In case you want to check if the stored value is not one of multiple values, you can use the Match Except condition. Match Except works as a logical NOR for the given values. It can also be described as a NOT IN operator.

You can apply it to keyword and integer payloads.

Example:

{
  "key": "color",
  "match": {
    "except": ["black", "yellow"]
  }
}
FieldCondition(
    key="color",
    match=models.MatchExcept(**{"except": ["black", "yellow"]}),
)

In this example, the condition will be satisfied if the stored value is neither black nor yellow.

If the stored value is an array, it should have at least one value not matching any of the given values. E.g. if the stored value is ["black", "green"], the condition will be satisfied, because "green" does not match "black" nor "yellow".

Nested key

Available as of v1.1.0

Payloads being arbitrary JSON object, it is likely that you will need to filter on a nested field.

For convenience, we use a syntax similar to what can be found in the Jq project.

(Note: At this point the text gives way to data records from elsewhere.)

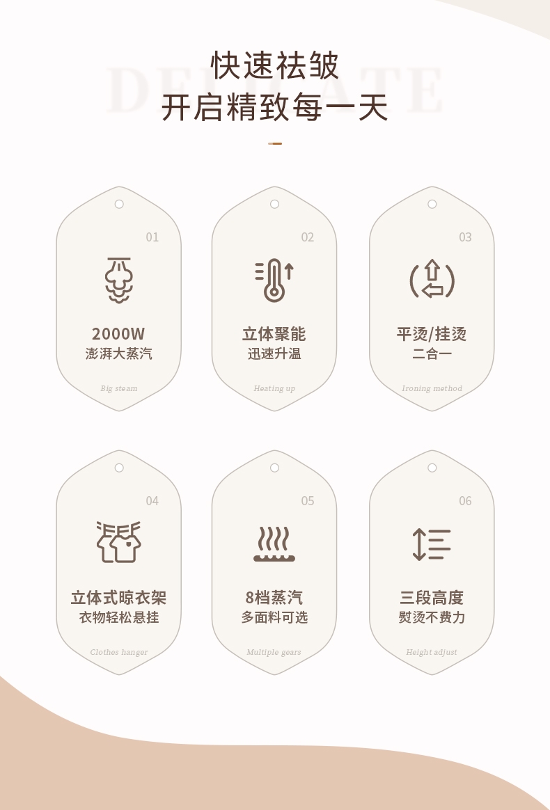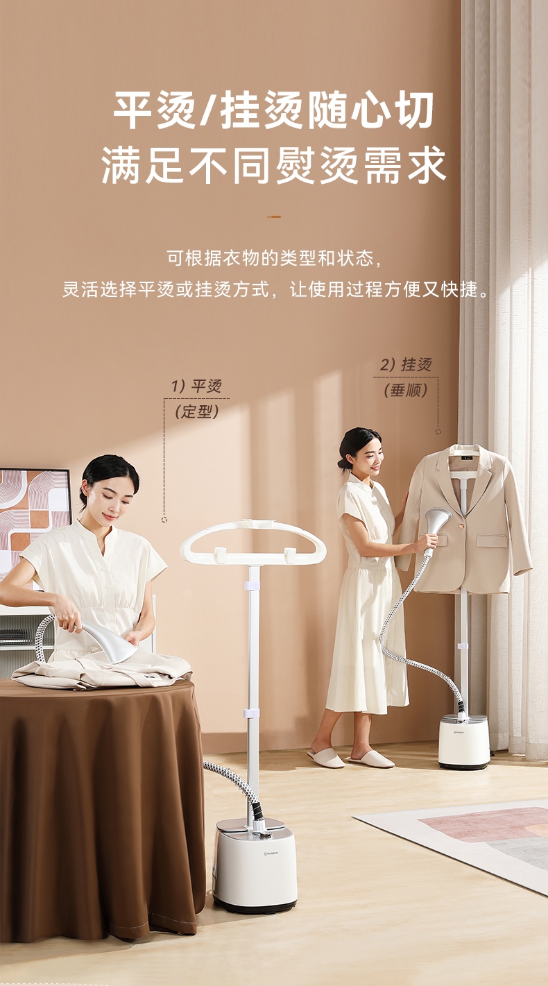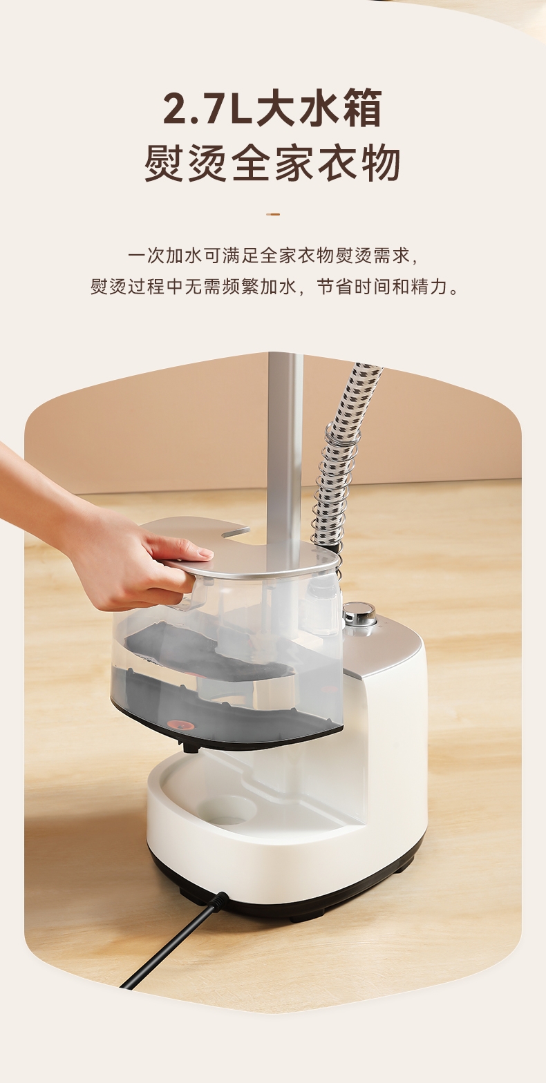 2000W大蒸汽,强劲穿透,快速除皱重塑衣形;平烫/挂烫搭配8档蒸汽,轻松熨烫各种衣物;预热快无需久等、多孔蒸汽,细腻不伤衣;2.7L大水箱避免频繁加水,熨衣时刻在线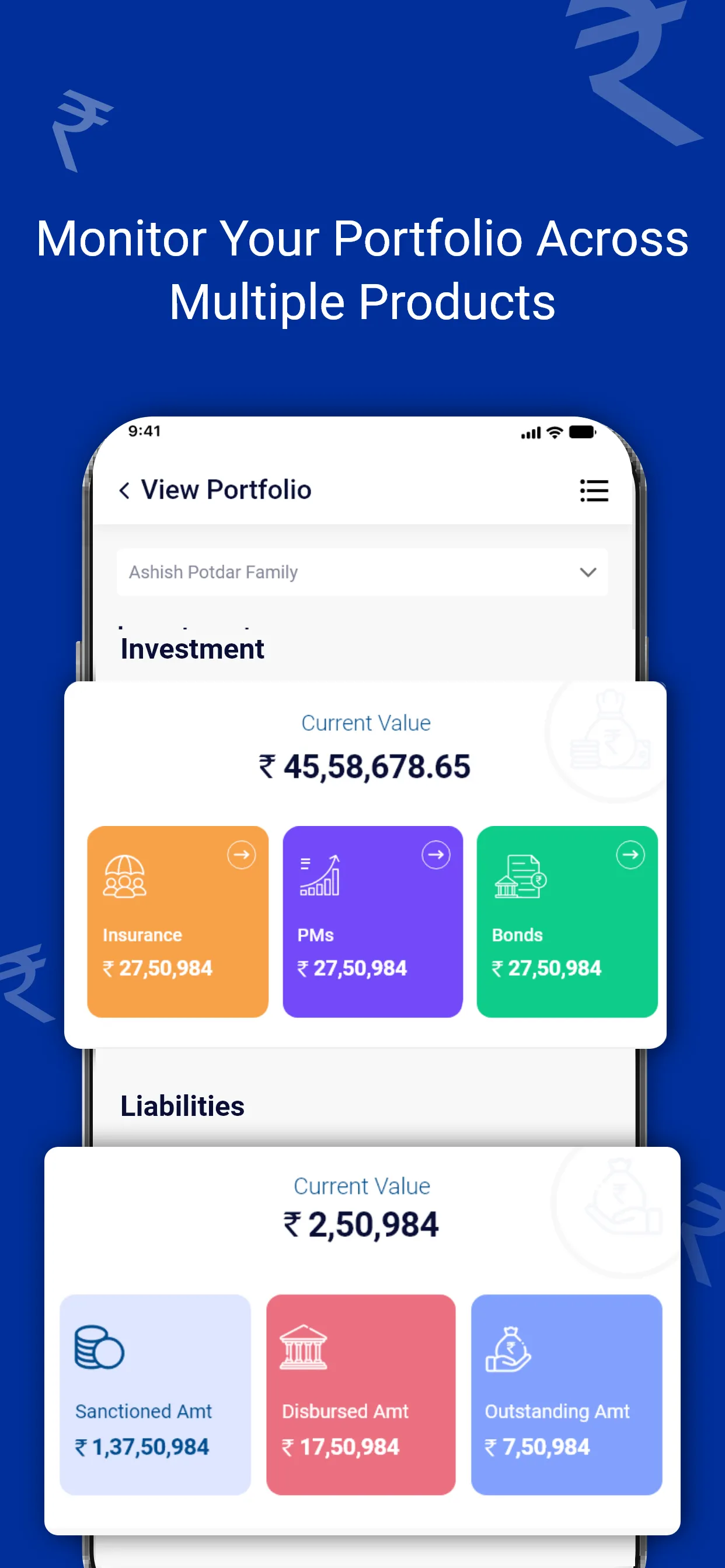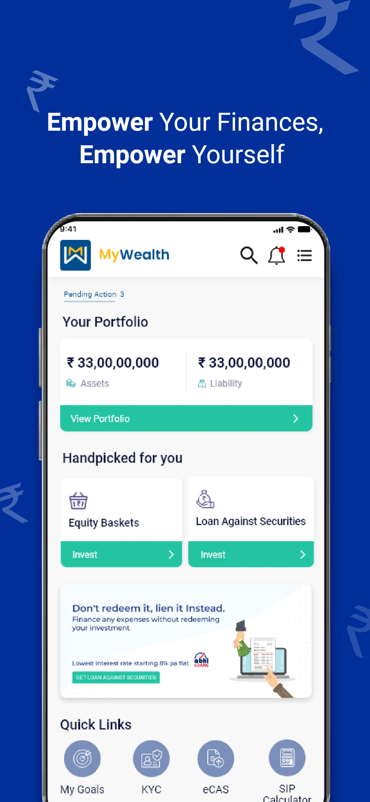 MyWealth is your all-in-one investment app, designed to empower your financial journey. With its modern interface, comprehensive portfolio management, and seamless online execution, MyWealth brings the best investment solutions right to your fingertips. Key Features: • Seamlessly transact and execute investments that match your goals. Invest in mutual funds, equity baskets, p2p investments, and more with ease. • Comprehensive portfolio view to access all investments and liabilities in one place, including those of family members. • Track and monitor investments across stocks, bonds, FDs, PMS, and more by simply uploading your eCAS statement....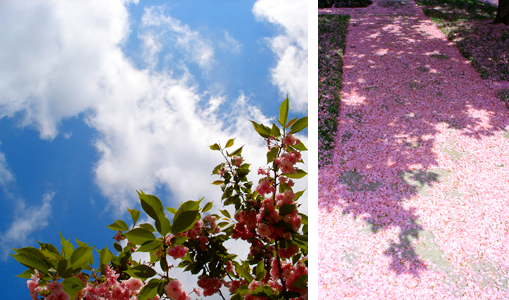 That paragraph just got sappy. Moms and dads are sappy, tho. They can’t help it. I used my hubby’s camera to capture the beauty that is the pink snow in our neighborhood. Soon the pink cotton candy tree in front of our house will lose all its blooms and sink to a lowly green once again, until fall when it will drop its leaves, then bare in the winter. Next spring is a long time away.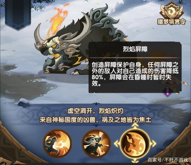 烈焰屏障:创造屏障保护自身,任何屏障之外的敌人对自己造成的伤害降低80%,屏幕会在昏睡时暂时失效。曾经有一种打法师在年兽屏障破了之后,同一放大进行集火攻击,但现在普通玩家点自动即可,多少伤害并不会影响太多排名。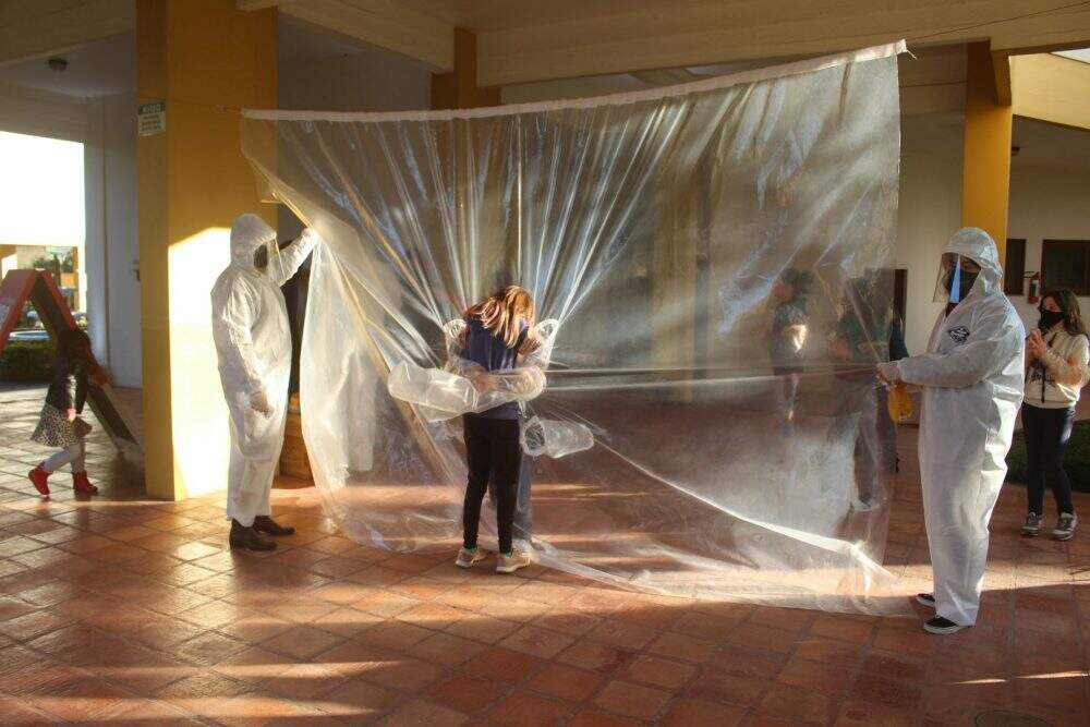 Foi montada no local uma estrutura com cortinas de plástico, a exemplo da solução utilizada em um vídeo canadense que viralizou na internet no início da pandemia. Participantes usaram luvas descartáveis, e as duas cortinas utilizadas na ação eram limpas com álcool após cada uso.
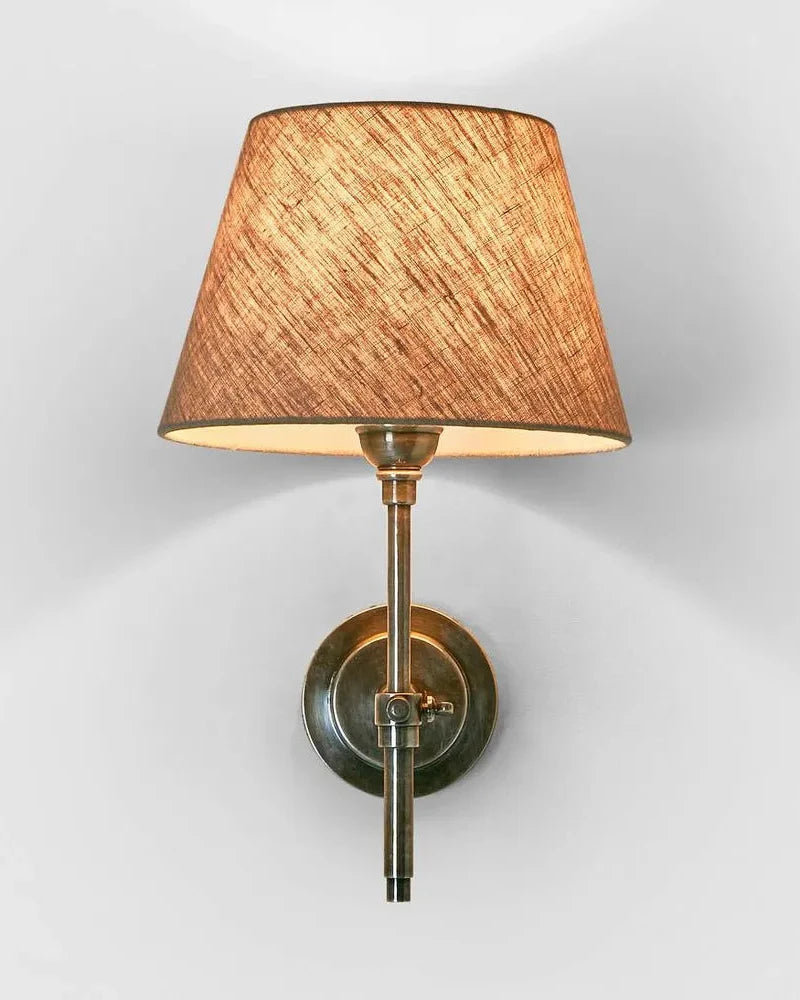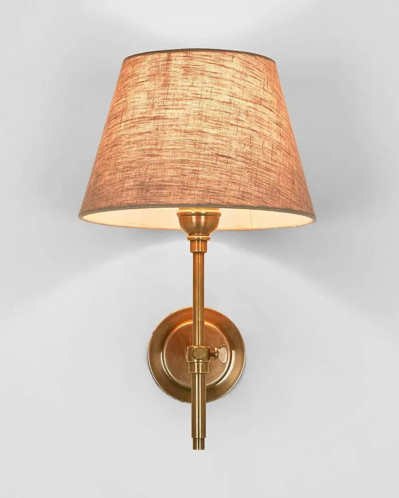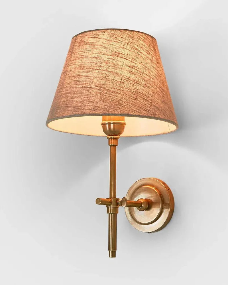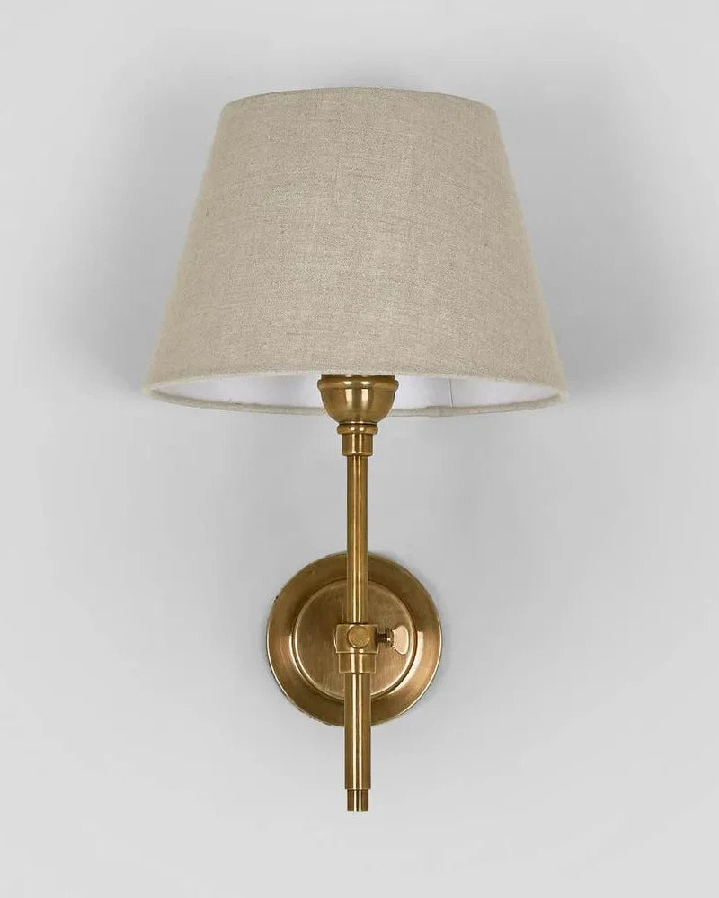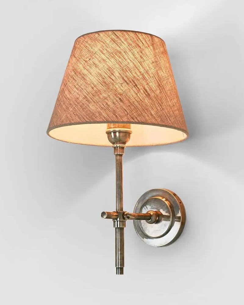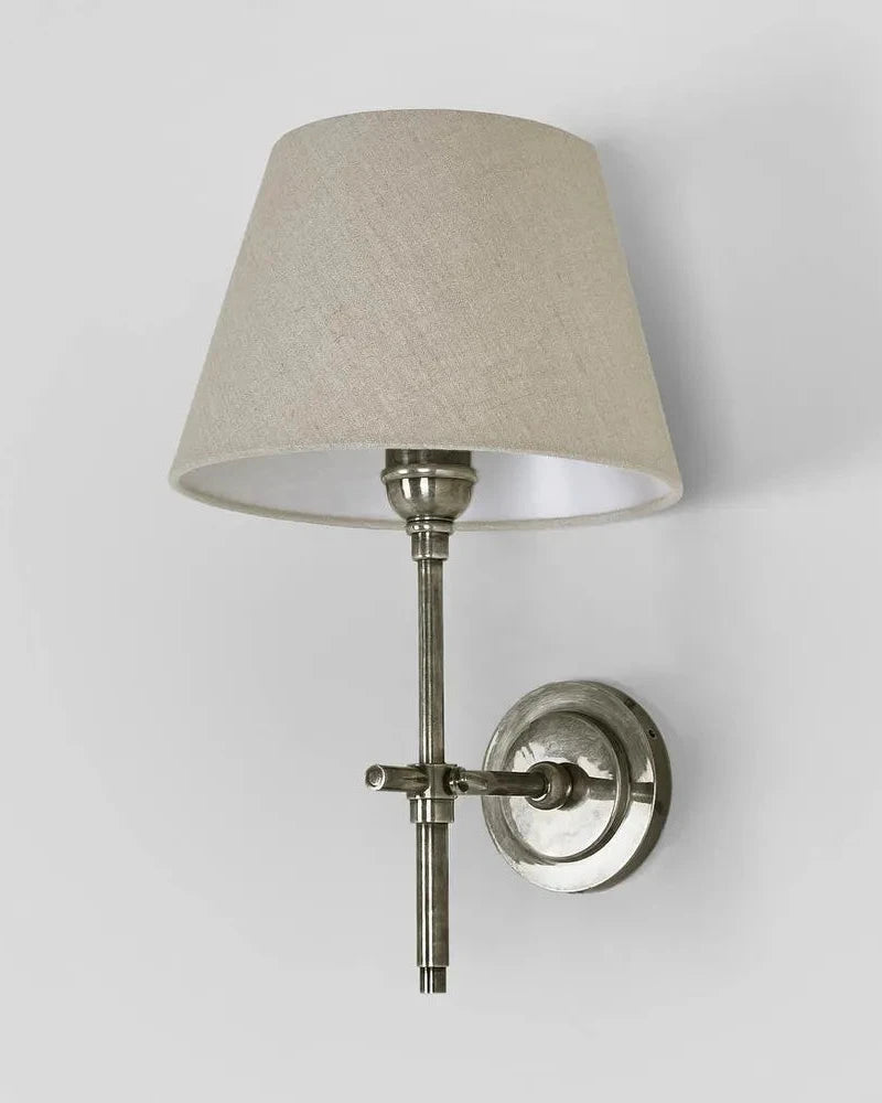 Crafted from brass in antique brass or silver finish, this chic wall light exudes timeless elegance. Featuring a classic straight-line sleek arm extending from the base and supporting a shade made from tapered linen if you choose the option, this fixture will diffuse a soft light for a warm and inviting ambience. Compatible with E14 bulbs and dimmer switches, it offers versatility to customise brightness according to your preference.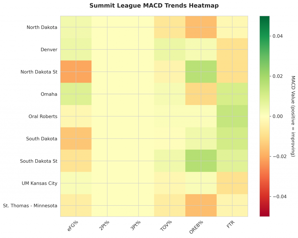 As Summit League teams continue their season, the MACD trending indicators will help identify which teams are genuinely improving versus those riding unsustainable momentum. Check back next week for updated analysis.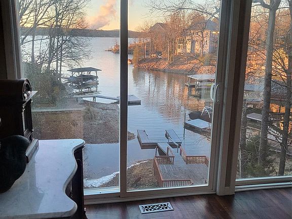 Dock and beach, 4 bedroom/3 bath..2 bedrooms are master suites, 3 living rooms with full main channel views. One has a pine cathedral ceiling with a floor to ceiling stone fireplace. The second has a cathedral ceiling and the third has a tray ceiling. All have full lake views as does the main floor master bedroom. There is a deck on the lake and a full length deck on the lower level. The upper level deck has the place for a sunken hot tub. There is a two car garage and an office.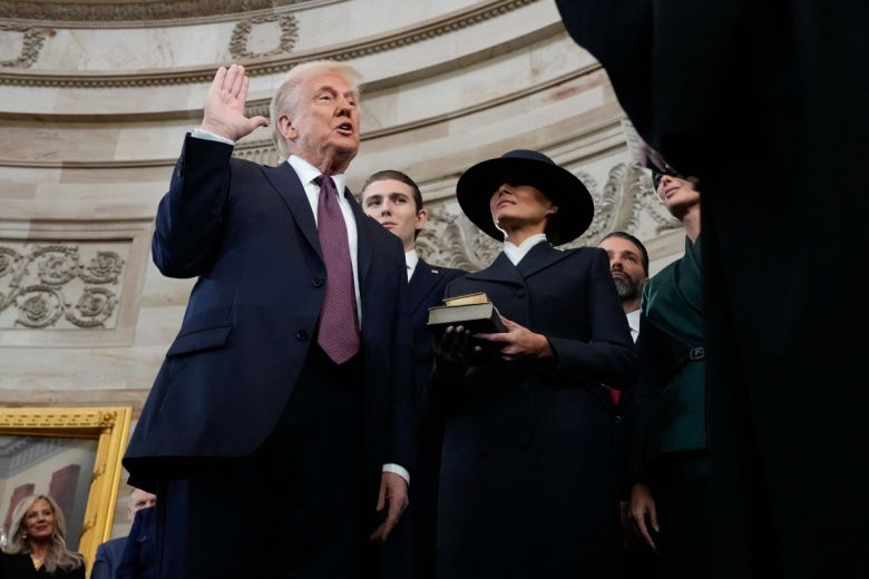 공식 취임을 알리는 선서에서 트럼프 대통령은 에이브러햄 링컨 전 대통령의 성경과 모친에게 받은 성경 두 권을 준비했지만 성경에 손을 얹지는 않았다. 신임 대통령이 취임 선서를 할 때 성경에 손을 올리는 것은 일반적이지만 법적 의무 사항은 아니다. ABC뉴스는 “트럼프 대통령이 성경에 손을 대지 않고 취임 선서를 한 최초의 대통령은 아니다”며 “적어도 4명이 성경 없이 선서했다”고 짚었다.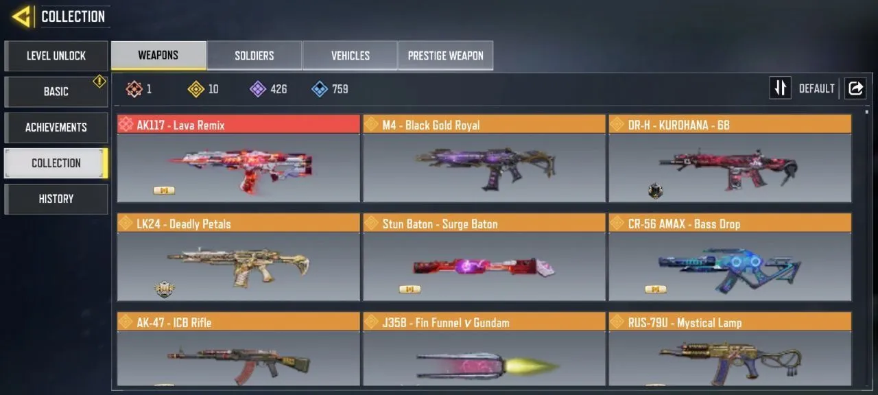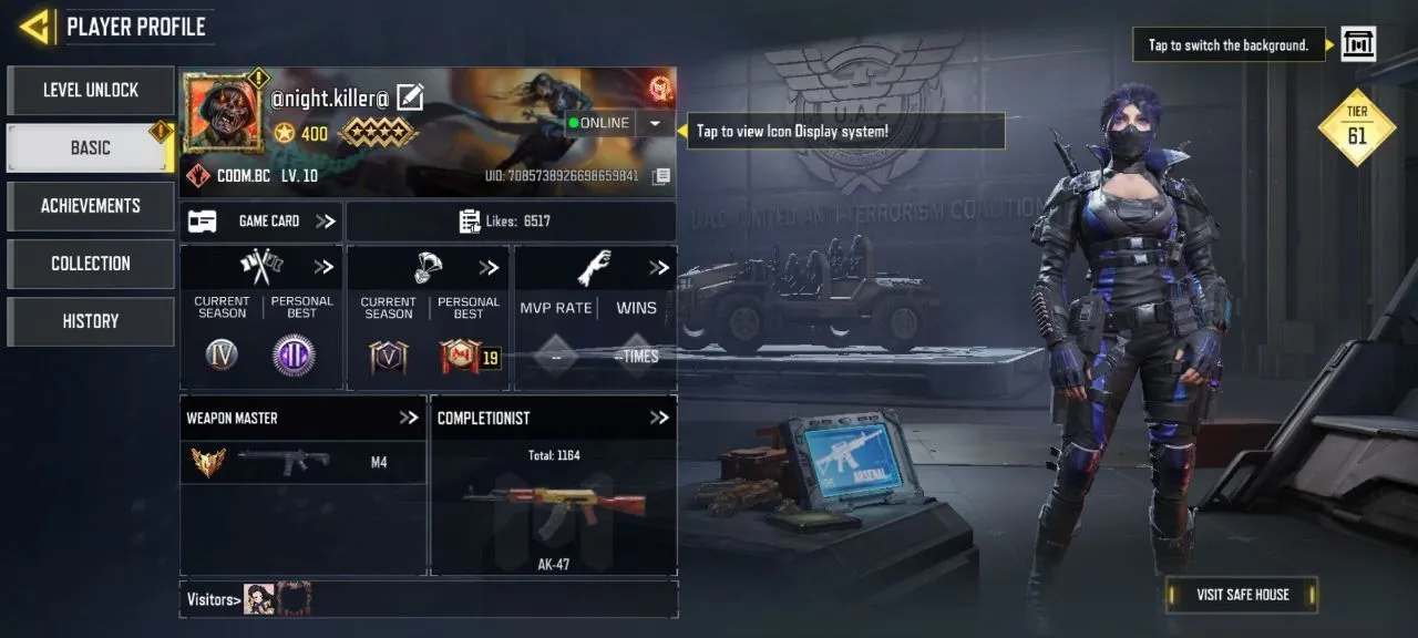 iOS Android 🎮 Level400 🛍️ Rank Grand Master 💲 426 Epic 🧨 10 Legendary ☠️ 1 Mytich 🏆 Code547

Suppose we have a set of points with the following payload:

[
  {
    "id": 1,
    "country": {
      "name": "Germany",
      "cities": [
        {
          "name": "Berlin",
          "population": 3.7,
          "sightseeing": ["Brandenburg Gate", "Reichstag"]
        },
        {
          "name": "Munich",
          "population": 1.5,
          "sightseeing": ["Marienplatz", "Olympiapark"]
        }
      ]
    }
  },
  {
    "id": 2,
    "country": {
      "name": "Japan",
      "cities": [
        {
          "name": "Tokyo",
          "population": 9.3,
          "sightseeing": ["Tokyo Tower", "Tokyo Skytree"]
        },
        {
          "name": "Osaka",
          "population": 2.7,
          "sightseeing": ["Osaka Castle", "Universal Studios Japan"]
        }
      ]
    }
  }
]

You can search on a nested field using a dot notation.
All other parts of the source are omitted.